## Imports

In [1]:
import re
import json
import time
import hashlib
from pathlib import Path
from typing import Dict, List, Optional, Tuple

import requests
import pandas as pd
from bs4 import BeautifulSoup
from tqdm.auto import tqdm

## Setup

In [2]:
OUT_DIR = Path("data")
CACHE_DIR = OUT_DIR / "html_cache"
OUT_DIR.mkdir(parents=True, exist_ok=True)
CACHE_DIR.mkdir(parents=True, exist_ok=True)

HEADERS = {
    "User-Agent": "Mozilla/5.0 (compatible; student-research; +https://example.com)",
    "Accept-Language": "ro-RO,ro;q=0.9,en-US;q=0.8,en;q=0.7",
}

REQUEST_TIMEOUT = 30
SLEEP_SECONDS = 1.0
MAX_RETRIES = 4

SEED_LISTING_URLS = [
    "https://www.factual.ro/declaratii/",
    "https://www.factual.ro/toate-declaratiile/",
    "https://www.factual.ro/dezinformari-retele-sociale/",
    "https://www.factual.ro/dezinformari-rs/",
]

## Label Normalization

In [3]:
CANONICAL_LABELS = [
    "ADEVĂRAT",
    "PARȚIAL ADEVĂRAT",
    "TRUNCHIAT",
    "S-A RĂZGÂNDIT",
    "IMPOSIBIL DE VERIFICAT",
    "FALS",
]

LIKERT_MAP = {
    "FALS": 0,
    "IMPOSIBIL DE VERIFICAT": 1,
    "S-A RĂZGÂNDIT": 2,
    "TRUNCHIAT": 3,
    "PARȚIAL ADEVĂRAT": 4,
    "ADEVĂRAT": 5,
}

def normalize_label(label: str) -> Optional[str]:
    if not label:
        return None
    s = label.strip().upper()
    s = s.replace("S-A RAZGANDIT", "S-A RĂZGÂNDIT").replace("S-A RĂZGANDIT", "S-A RĂZGÂNDIT")
    s = re.sub(r"\s+", " ", s)
    if s in CANONICAL_LABELS:
        return s
    s_ascii = (s.replace("Ă","A").replace("Â","A").replace("Î","I").replace("Ș","S").replace("Ş","S").replace("Ț","T").replace("Ţ","T"))
    for c in CANONICAL_LABELS:
        c_ascii = (c.replace("Ă","A").replace("Â","A").replace("Î","I").replace("Ș","S").replace("Ş","S").replace("Ț","T").replace("Ţ","T"))
        if s_ascii == c_ascii:
            return c
    return None

def split_title_into_label_and_claim(title: str) -> Tuple[Optional[str], str]:
    if not title:
        return None, ""
    t = " ".join(title.split())
    if "|" in t:
        left, right = [x.strip() for x in t.split("|", 1)]
        return normalize_label(left), right
    return None, t

## Utils

In [4]:
def sha1(s: str) -> str:
    return hashlib.sha1(s.encode("utf-8")).hexdigest()

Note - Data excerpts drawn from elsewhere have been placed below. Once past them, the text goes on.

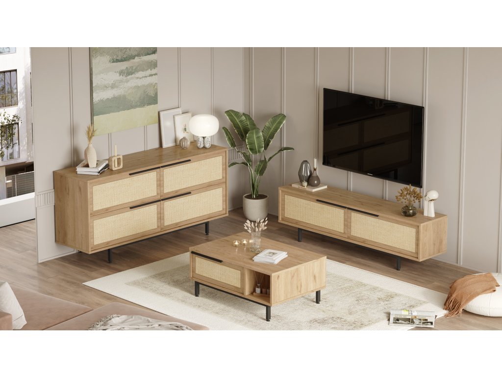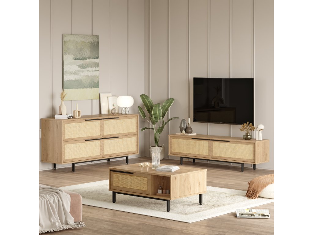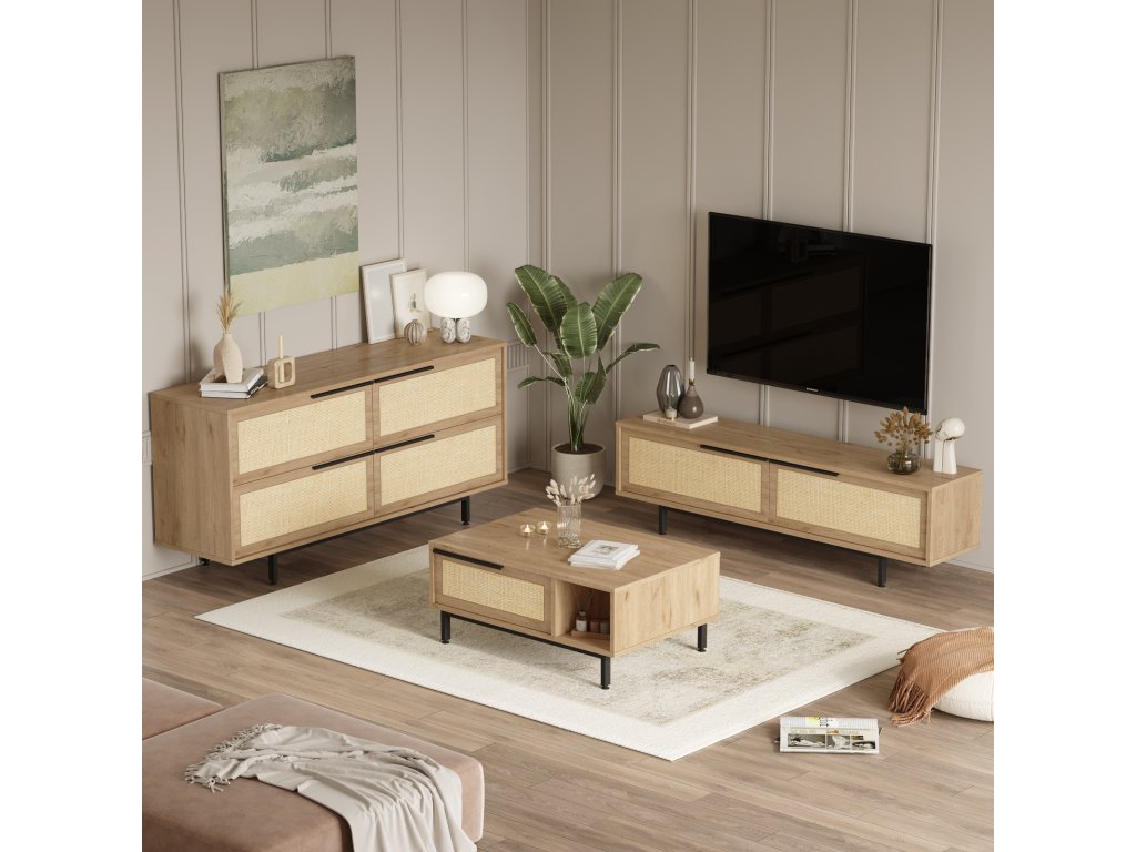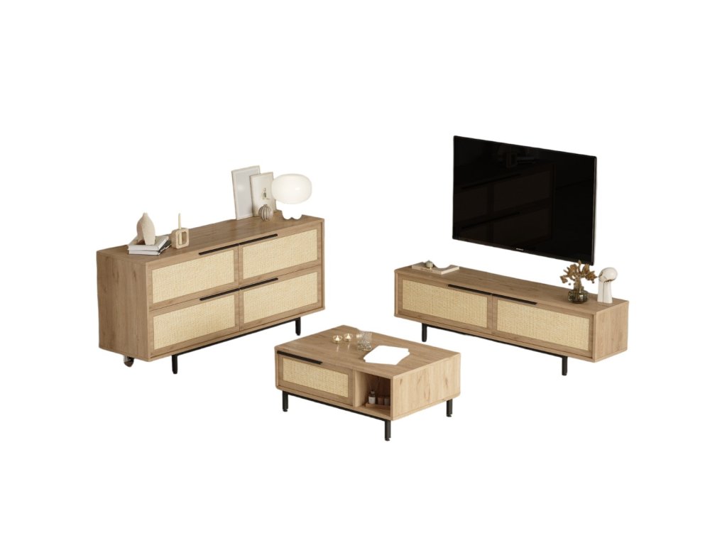 spojuje funkčnost a moderní design. Televizní stolek nabízí prostor pro elektroniku a multimediální zařízení, konferenční stolek je ideálním doplňkem pro odkládání občerstvení nebo dekorací a prostorná komoda poskytuje dostatek úložného prostoru pro organizaci vašich věcí. Díky preciznímu zpracování a elegantnímu vzhledu se tato sestava stane středobodem vašeho obývacího pokoje.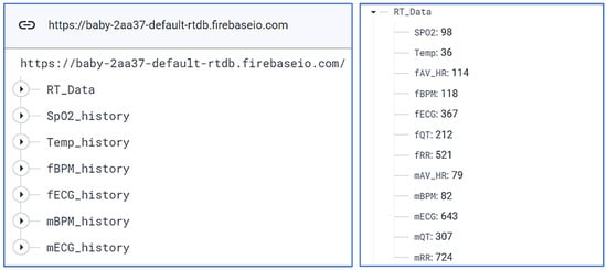 Figure 9 provides an illustration of both the data structure and the real-time data within our Firebase database. The ‘RT_DATA’ table is designed to present the information obtained from the Wi-Fi module on a real-time basis, refreshing itself every minute. Concurrently, the data gathered each minute is systematically archived in the ‘*_history’ table. These stored data are subsequently utilized for display purposes in the ‘History’ section of our application.
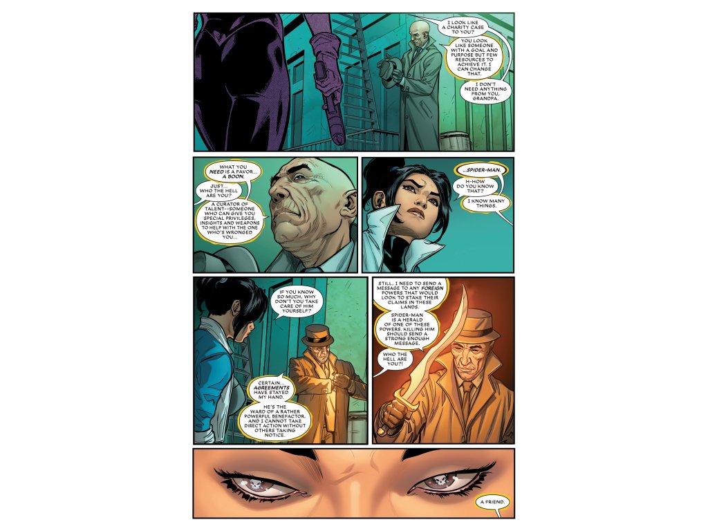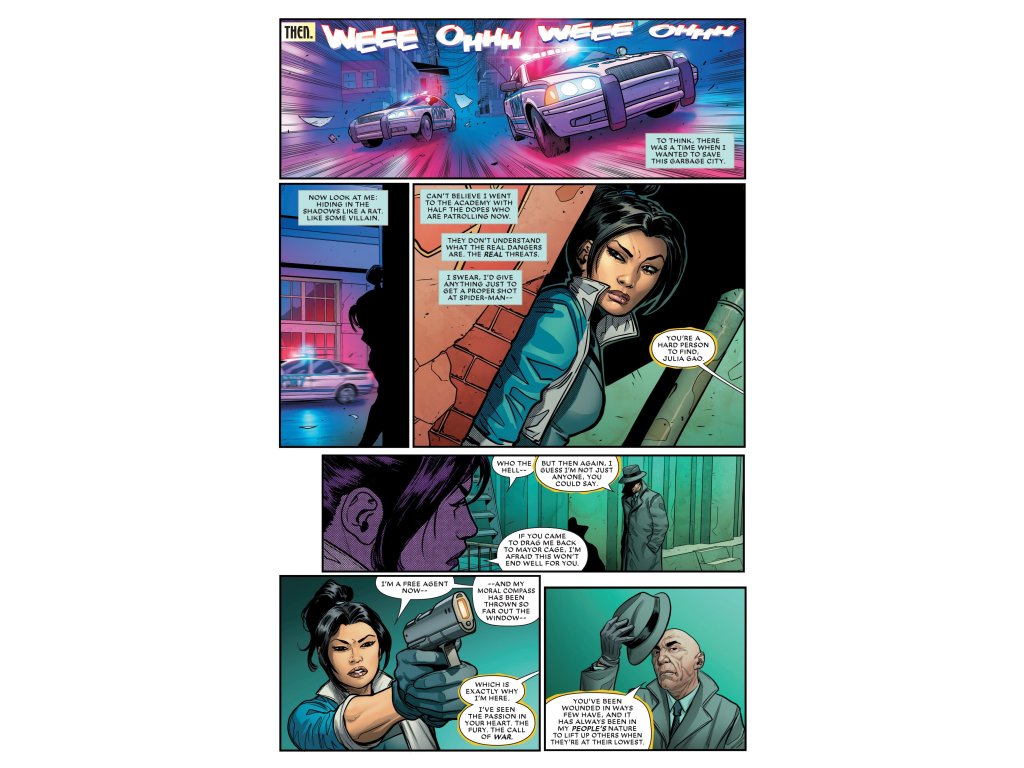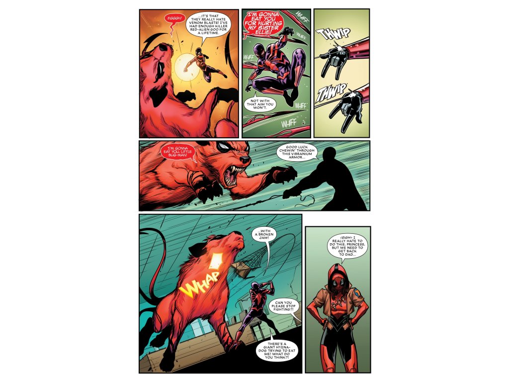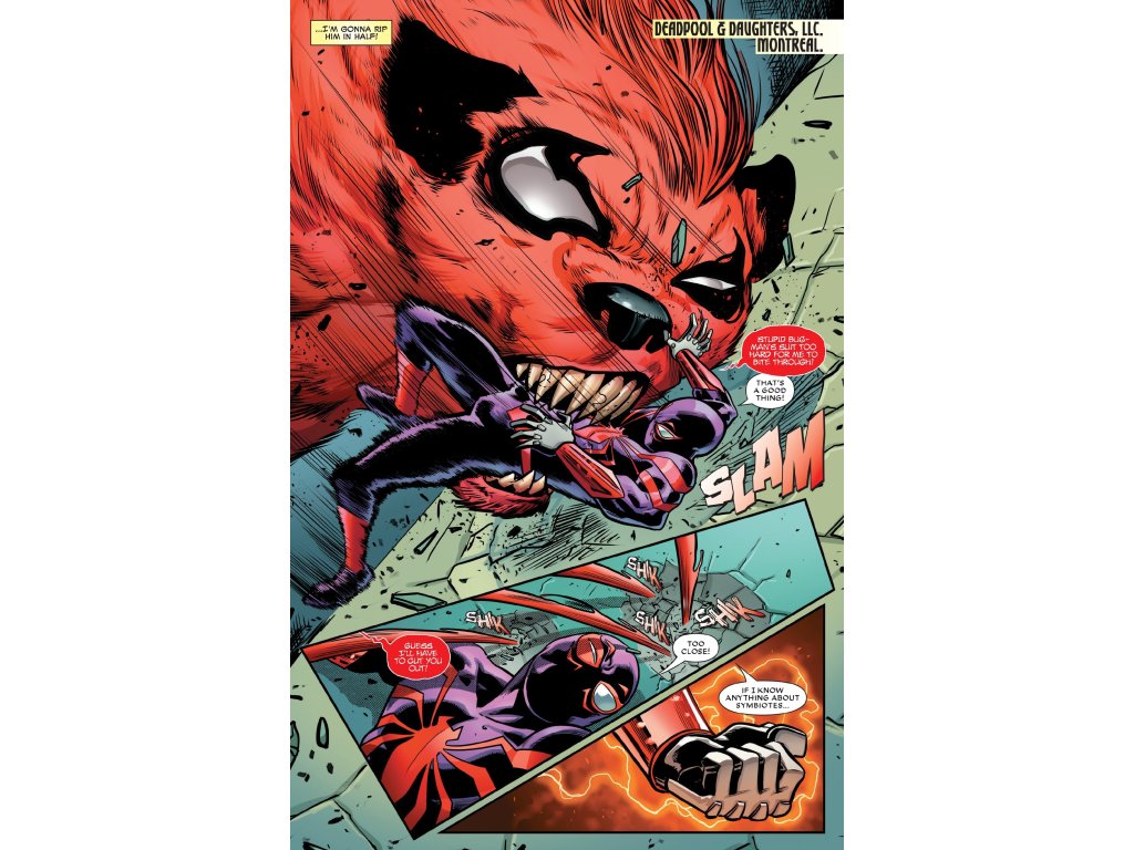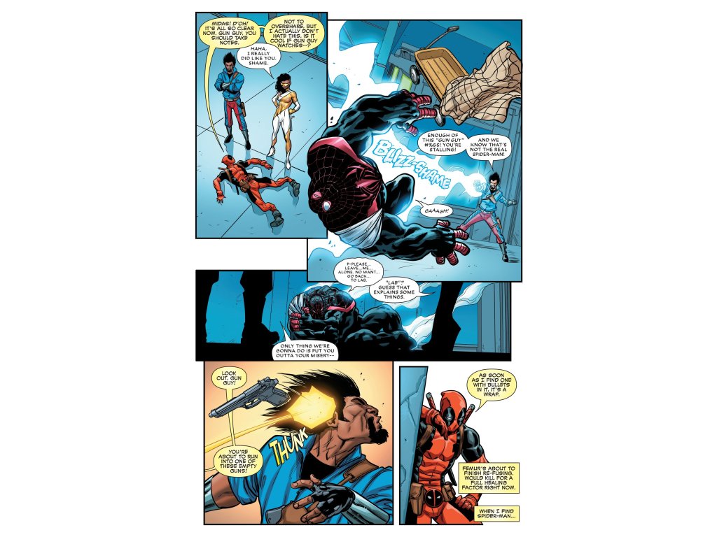 SPIDER-MAN VS. DEADPOOL(S) — whoever wins... well, some bad #$%& is still going to happen! WADE's only hope is to knock out MILES. ELLIE is having second thoughts. But can the Deadpools and their business survive without this win? Not if AGENT GAO has anything to say about it!

def cache_path_for_url(url: str) -> Path:
    return CACHE_DIR / f"{sha1(url)}.html"

def fetch_html(url: str, force: bool = False) -> str:
    cpath = cache_path_for_url(url)
    if cpath.exists() and not force:
        return cpath.read_text(encoding="utf-8", errors="ignore")

    last_err = None
    for attempt in range(1, MAX_RETRIES + 1):
        try:
            resp = requests.get(url, headers=HEADERS, timeout=REQUEST_TIMEOUT)
            resp.raise_for_status()
            html = resp.text
            cpath.write_text(html, encoding="utf-8")
            time.sleep(SLEEP_SECONDS)
            return html
        except Exception as e:
            last_err = e
            time.sleep(min(10, 2 ** (attempt - 1)))
    raise RuntimeError(f"Failed to fetch {url} after {MAX_RETRIES} retries. Last error: {last_err}")

In [13]:
DATE_VERIFY_RE = re.compile(r"Data verificării\s*:\s*([0-9]{2}\.[0-9]{2}\.[0-9]{4})", flags=re.IGNORECASE)
DATE_FALLBACK_RE = re.compile(r"\b([0-9]{2}\.[0-9]{2}\.[0-9]{4})\b")

FOOTER_MARKERS = [
    "ALĂTURĂ-TE LISTEI NOASTRE",
    "TOATE VERIFICĂRILE",
    "TOȚI POLITICIENII",
    "Acest website folosește",
    "Privacy & Cookies Policy",
]

def extract_date_verified(text: str) -> Optional[str]:
    if not text:
        return None
    m = DATE_VERIFY_RE.search(text) or DATE_FALLBACK_RE.search(text)
    if not m:
        return None
    dd, mm, yyyy = m.group(1).split(".")
    return f"{int(yyyy):04d}-{int(mm):02d}-{int(dd):02d}"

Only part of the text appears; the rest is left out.